Well, in C++0x you won’t have to any more, which is often niftily convenient. This gets increasingly important as we don’t want to, or can’t, write out the type ourselves, because we have:

  • types with more complicated names
  • types without names (or hard-to-find names)
  • types held most conveniently via an indirection

In particular, consider that C++0x lambda functions generate a function object whose type you generally can’t spell, so if you want to hold that function object and don’t have auto then you generally have to use an indirection:

function<void(void)> f = [] { DoSomething(); };
auto f = [] { DoSomething(); };
// hold via a wrapper — requires indirection
// infer the type and bind directly

Note that the last line above is more efficient than the C equivalent using a pointer to function, because C++ lets you inline everything. For more on this, see Item 46 in Scott Meyers’ Effective STL on why it’s preferable to use function objects rather than functions, because (counterintuitively) they’re more efficient.

Now, though there’s no question auto and var are great, there are some minor limitations. In particular, you may not want the exact type, but another type that can be converted to:

map<int,list<string>>::const_iterator ci = m.begin();// ci’s type is map<int,list<string>>::const_iterator
auto i = m.begin();// i’s type is map<int,list<string>>::iterator
Widget* w = new Widget();
const Widget* cw = new Widget();
WidgetBase* wb = new Widget();
shared_ptr<Widget> spw( new Widget() );
// w’s type is Widget*
// cw’s type is const Widget*
// wb’s type is WidgetBase*
// spw’s type is shared_ptr<Widget>
auto w = new Widget();// w’s type is Widget*

So C++0x auto (like C# var) only gets you the most obvious type. Still and all, that does cover a lot of the cases.

The important thing to note in all of the above examples is that, regardless how you spell it, every variable has a clear, unambiguous, well-known and predictable static type. C++0x auto and C# var are purely notational conveniences that save us from having to spell it out in many cases, but the variable still has one fixed and static type.

Static and Dynamic Typing

As Jeff correctly noted in the above-quoted part, this isn’t dynamic typing, which permits the same variable to actually have different types at different points in its lifetime. Unfortunately, he goes on to say the following that could be mistaken by some readers to imply otherwise:

You might even say implicit variable typing is a gateway drug to more dynamically typed languages.

I know Jeff knows what he’s talking about because he said it correctly earlier in the same post, but let’s be clear: Inference doesn’t have anything to do with dynamic typing.

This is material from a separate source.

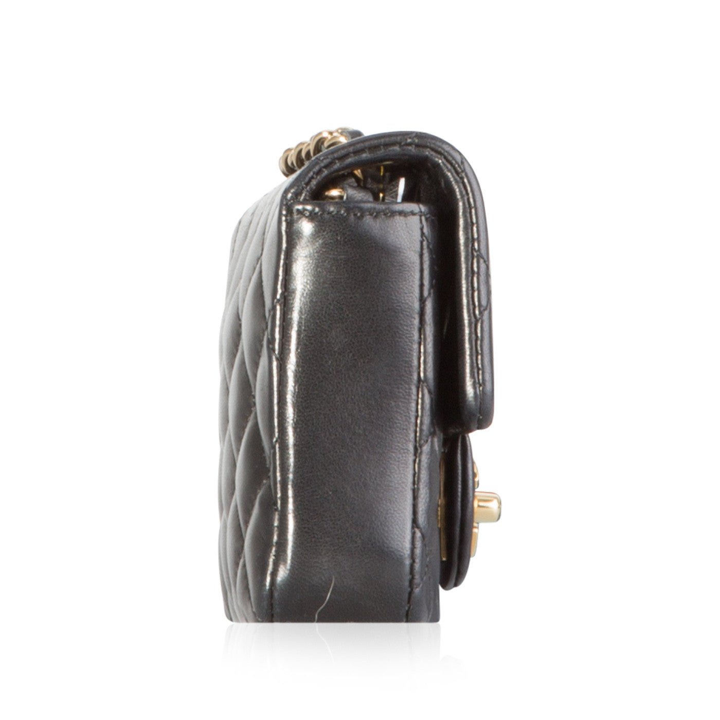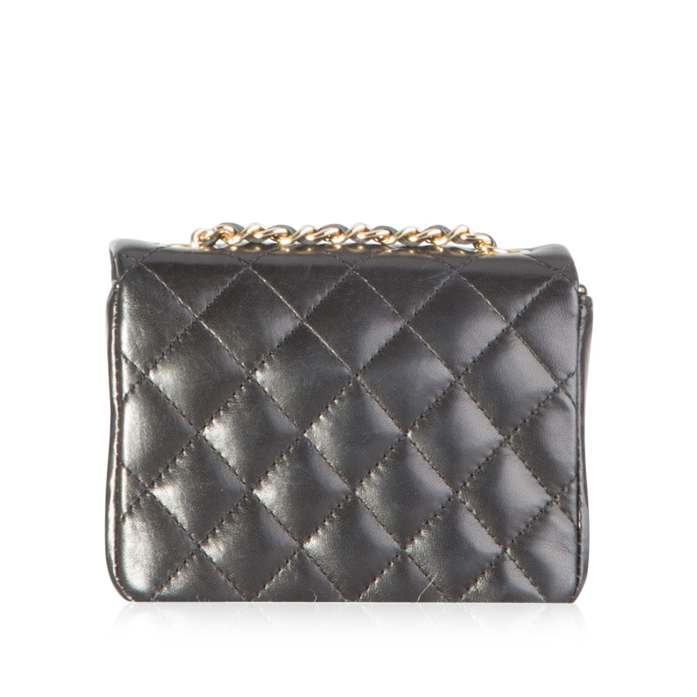 The smallest version of the iconic Classic Flap, the extra mini features the classic quilt, interwoven chain and leather shoulder strap. Can be worn as a cross body, shoulder bag or even as a clutch bag.

Jeff is just noting that inference just happens to let you declare variables in a style that can be similar to the way you do it all the time in a dynamically typed language. (Before I could post this, I see that Lambda the Ultimate also commentedon this confusion. At least one commenter noted that this could be equally viewed as a gateway drug to statically typed languages, because you can get the notational convenience without abandoning static typing.)

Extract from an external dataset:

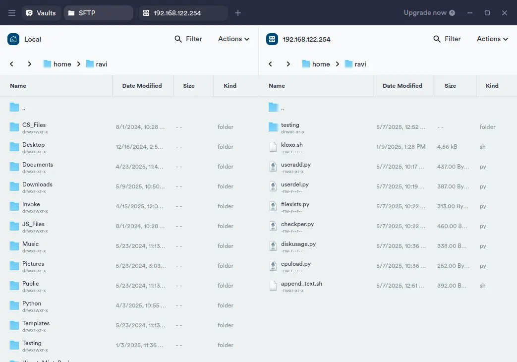 Click on the host, and in the session tab, you’ll find an SFTP option that lets you drag and drop files between your local machine and the remote server.

Quoting from Bjarne’s glossary:

dynamic type – the type of an object as determined at run-time; e.g. usingdynamic_cast or typeid. Also known as most-derived type.

static type – the type of an object as known to the compiler based on itsdeclaration. See also: dynamic type.

Let’s revisit an earlier C++ example again, which shows the difference between a variable’s static type and dynamic type:

WidgetBase* wb = new Widget();
if( dynamic_cast<Widget*>( wb ) ) { … }
// wb’s static type is WidgetBase*
// cast succeeds: wb’s dynamic type is Widget*

The static type of the variable says what interface it supports, so in this case wb allows you to access only the members of WidgetBase. The dynamic type of the variable is what the object being pointed to right now is.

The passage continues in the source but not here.